Accounting for Stock Issued to Employees

APB OPINION NO. 25
(superceded by FAS No. 123R)


Two questions to be answered:
1. When should the compensation expense be measured?
2. How should the compensation expense be measured?
Compensation expense should be determined as of the measurement date--the first date on which both 
1. the number of shares that an individual employee is entitled to receive and 
2. the option or purchase price
for many plans, measurement date is the grant date-- may be later in plans with variable terms; may be the date of exercise.
Compensation expense is measured as the excess of the market price over the option price on the measurement date.
In variable plans, compensation expense may have to be estimated on the basis of assumptions as to what will be the final number of shares and the option price.
The above discussion, following APB Opinion 25, reflects the intrinsic value method.  Total compensation cost is computed as the excess of the market price of the stock over the option price on the date when both the number of shares to which employees are entitled and the option price is known
FASB No. 123
(superceded by FAS No. 123R)

FASB No. 123, "Accounting for Stock Based Compensation," encourages but does not require recognition of compensation cost for the fair value of stock-based compensation paid to employees.
  • Statement 123 was issued in 1995. 
  • The Board concluded that the fair value method of recognizing stock-based compensation expense was the preferable method of accounting. 
  • But, in an effort to end an extremely divisive debate between the Board and its constituents, the Board decided to permit the continued use of the intrinsic value method of accounting under APB Opinion No. 25, Accounting for Stock Issued to Employees
  • However, the Board decided to require companies to disclose the pro forma effect of applying the fair value method of accounting for stock-based employee compensation. 
  • Following the issuance of Statement 123, most companies continued to account for stock-based employee compensation using the intrinsic value method of accounting under Opinion 25.

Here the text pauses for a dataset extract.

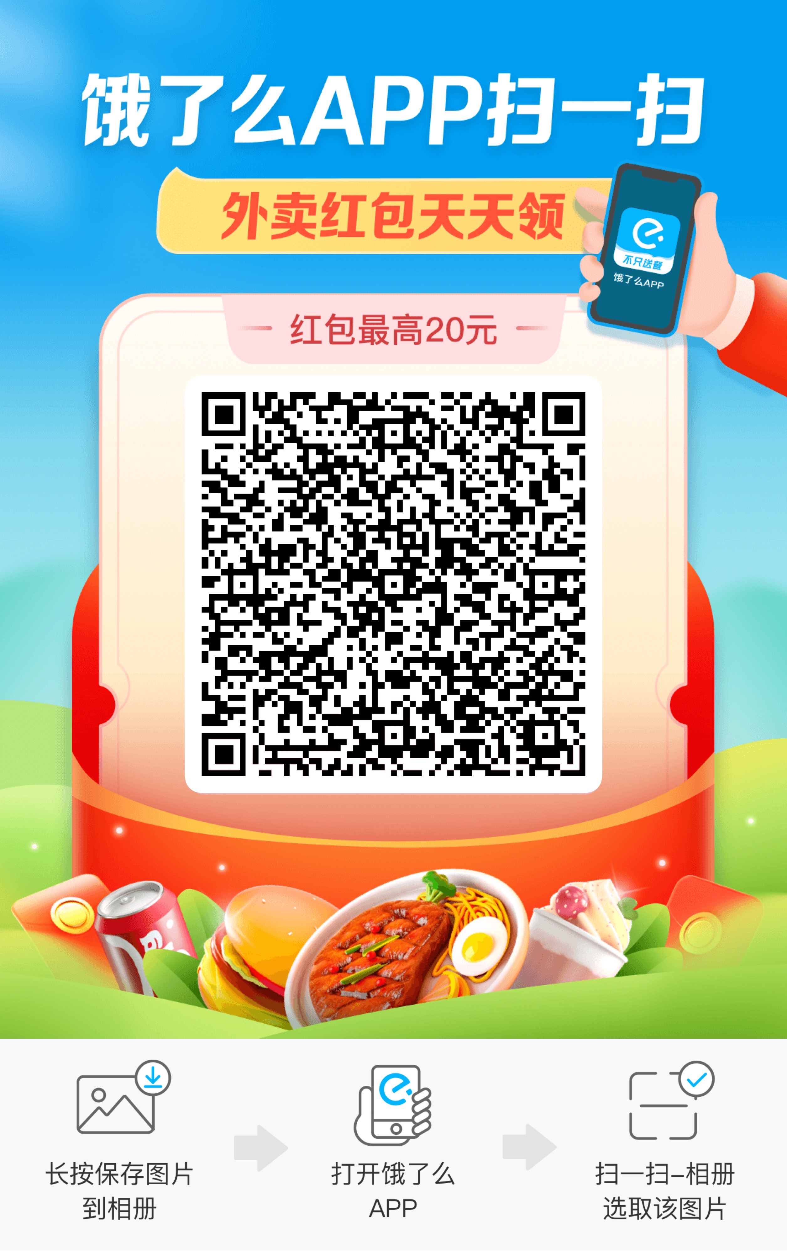 截图用饿了么扫一扫,每天领取最高20元无门槛红包!

Sample exercise in applying FAS No. 123

On January 1, 2003, George Adams Corporation provides a variety of stock-based compensation plans to its employees. Under its incentive stock option plan, the company granted options on January 1, 2003, that permit executives to aqcuire 4 million of the company's $1 par comon shares within the next 5 years ,but not before December 31, 2004 (the vesting date.)  The exercise price is the market price of the shares on the date of the grant, $14 per share.  The fair value of the 4 million options, estimated by an appropriate option pricing model, is $3 per option.  No forfeitures are anticpated.  Ignore taxes.

  • Determine the total compensation cost pertaining to the options assuming the company chooses to follow the elective fair value approach for fixed compensation plans.
  • Prepare the appropriate journal entry to record the award of the options on January 1, 2003.
  • Prepare the appropriate journal entry to record compensation expense on December 31, 2003.
  • Prepare the appropriate journal entry to record compensation expense on December 31, 2004.
  • Determine the total compensation cost pertaining to the options, assuming the company does not choose to follow the elective fair value approach for fixed compensation plans.
sst3

 

" If options are not a form of compensation, what are they? If compensaton isn't an expense, what is it?  And, if expenses shouldn't go in the calculation of earnings, where should they go?"